**Task to carry out**
Within the entries below, the lines from the one with "仙游當(dāng)?shù)" through the one with "12月17日,在湖州市吳興區" are to be set down exactly, both ends kept.

Exercise data Block Start

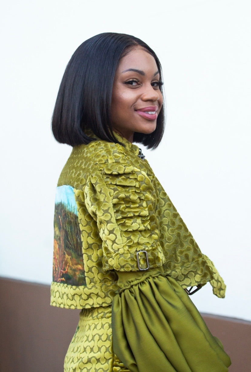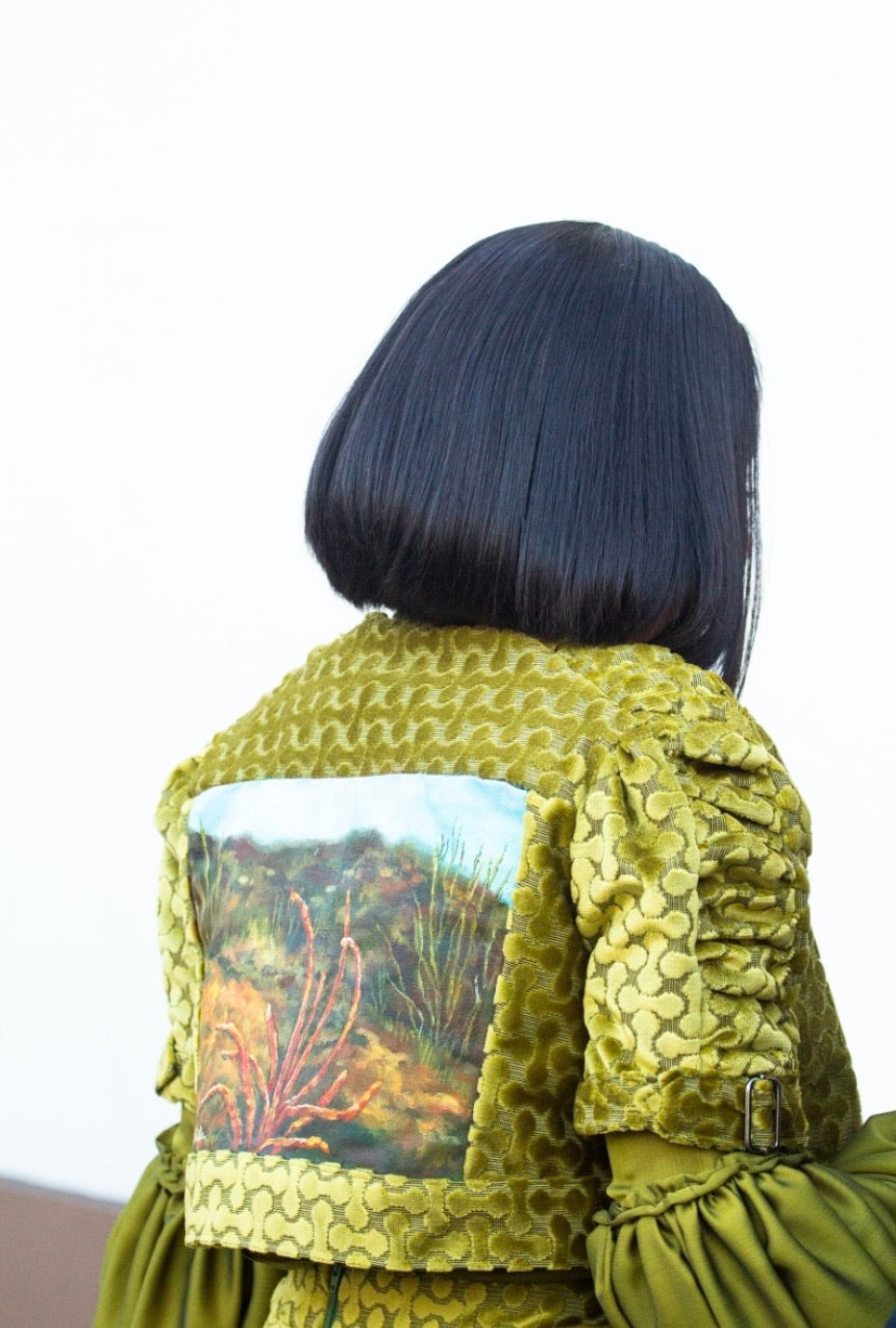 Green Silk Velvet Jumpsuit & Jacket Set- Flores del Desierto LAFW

Exercise data Block End
Exercise data Block Start

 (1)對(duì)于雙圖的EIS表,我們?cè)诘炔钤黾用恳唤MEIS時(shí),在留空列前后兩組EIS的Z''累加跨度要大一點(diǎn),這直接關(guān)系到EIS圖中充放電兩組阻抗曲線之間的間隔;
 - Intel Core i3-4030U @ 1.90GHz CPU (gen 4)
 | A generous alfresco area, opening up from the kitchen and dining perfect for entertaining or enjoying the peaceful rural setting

Exercise data Block End
Exercise data Block Start

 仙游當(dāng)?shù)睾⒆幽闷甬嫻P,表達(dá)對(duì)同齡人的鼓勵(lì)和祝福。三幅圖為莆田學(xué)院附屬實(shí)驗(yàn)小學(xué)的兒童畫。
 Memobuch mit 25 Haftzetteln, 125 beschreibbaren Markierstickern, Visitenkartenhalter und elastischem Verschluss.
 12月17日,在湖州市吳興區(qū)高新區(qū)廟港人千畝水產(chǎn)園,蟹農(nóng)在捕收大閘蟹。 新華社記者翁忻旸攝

Exercise data Block End

**Completed task**
 仙游當(dāng)?shù)睾⒆幽闷甬嫻P,表達(dá)對(duì)同齡人的鼓勵(lì)和祝福。三幅圖為莆田學(xué)院附屬實(shí)驗(yàn)小學(xué)的兒童畫。
 Memobuch mit 25 Haftzetteln, 125 beschreibbaren Markierstickern, Visitenkartenhalter und elastischem Verschluss.
 12月17日,在湖州市吳興區(qū)高新區(qū)廟港人千畝水產(chǎn)園,蟹農(nóng)在捕收大閘蟹。 新華社記者翁忻旸攝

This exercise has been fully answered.